As for ‘just stop paying’, sure I have. Very easily and with no remorse or consideration when the product is very specifically purchased and paid for for a set period of time, like an insurance policy of any kind. I’m only paying for your service from date X to date Y, which is spelled out in the policy. You can pretty much assume that if I don’t make the payment for period Y to Z, then I’m no longer your customer.
Plus, I wonder if there were a car accident and they try to make a claim on the policy they are being billed for, I wonder if the company would pay or not?
They can’t have it both ways and I bet they wouldn’t pay out the claim if there were an accident, so they were still billing in secret for not even providing a modicum of a service in return.
I use Wells Fargo, and they don’t charge me for on-line bill pay - which is, as you say, allowing companies to withdraw money each month on my say-so. The electric company has either automatic deduction or paper - we go with paper, for the reasons mentioned. Credit card companies like to set the default payment to minimum, not full, sneaky bastards. Does anyone know if this is the default for automatic payment? Another reason not to do it if so.
Odd thing about Wells Fargo. We have or mortgage with them also, but never pay on-line since they have no on-line way of increasing the principal payment.
You might want to look at this again. Our mortgage is with WF, we get notices online, pay online (not automatic, at our trigger) and we overpay the principal each month.
Every auto policy that I’ve ever seen has an expiration date, and states that it renews if and only if the company sends a renewal notice and a bill, and if and only if the customer accepts renewal by paying the premium. I’ve never heard of a customer being liable for automatic renewal beyond the expiration of the policy. I’ve never heard of an insurance company even wanting such a thing, since it opens them up to paying claims for deadbeat customers.
Hell, I did this with a porn site once, and even they didn’t try to pull this on me.
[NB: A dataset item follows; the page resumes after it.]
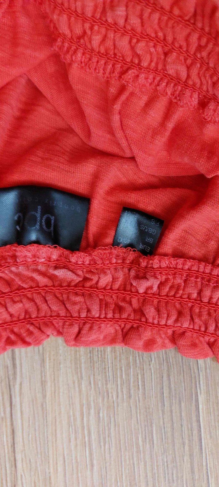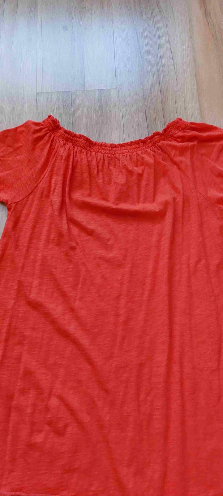 Červené šaty s uzlíkom na boku, vďaka ktorému pekne zamaskujú aj menšie bruško :) Tenšia bavlna, príjemné a pohodlné. Nenosené, zabudla som na ne, a už sú mi veľké. Veľkosť 40/42, dĺžka 89cm, šírka...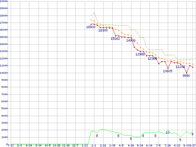 ※このグラフは過去のデータも税率5%相当に調整した税込み相当額のグラフです。 税率変更や、総額表示方式導入(2004年4月)の影響は除いています。 | | | ●凡例 | 最安値 (点線部は販売店未確認 または未調査) | 平均値 | 最高値 | ショップ数 |

I generated one of those limited-use “shop safe” credit card numbers and used that for them; once the next month rolled around (yes, my account with the site was even set to auto-bill :p) and they couldn’t deduct, they closed the account right away without any prompting from me.
So if I were the OP, and the insurance company told me I couldn’t cancel my ex-wife’s policy because I wasn’t primary, but then come to me TWO YEARS LATER and just went and withdrew all of her back payments from my account, I would find that seriously unethical and unfair. I can’t cancel it but I have to pay for it? GTFO. How can that be legal?
This seems like a very good point, as well.
while this is undoubtedly true for a one-to-one relationship between an insurer and a policyholder, it may or may not hold true if you go through e-surance. you may be unwittingly entering into a separate agreement with them (i.e. they are more than just the insurers’ agent) for continued payment of premiums.
I always figured that if I missed a month’s payment my insurance carrier would drop me like a hot potato.
I have a feeling that is what your’s would have said if you had tried to make a claim in that period.
For car insurance?
Yes. Would not hesitate, I have changed insurers twice in the last three years, each time I made the change when the policy expired, and did not officially inform the insurance agency. As, ya know, it was for a fixed term.
Voyager, I believe that Wells Fargo has free online bill pay for certain levels of accounts or for employees. (Full disclosure: my brother-in-law works for Wells Fargo, and it’s because he’s an employee that his bill pay is free. And that’s why he uses it. Even he admits that if it wasn’t, he’d probably bank somewhere else. He’s also the first to admit that WF likes its fees.)
For the lowest levels of accounts (the “free checking” ones and such like), it was $4.95/month. Aha! And now that I look - good og I’m lazy - I see on their website that it’s free if you have an eligible checking account or keep a combined minimum account balance of $5,000. They say that most customers qualify for Free Bill Pay. However, if you don’t qualify, it’s free for two months, then $6.95/month thereafter.
I changed banks when they instituted the $4.95/month charge - US Bank doesn’t charge. And it also lets me overpay on my mortgage, too. I’m sure WF would let you do this; check the pages carefully.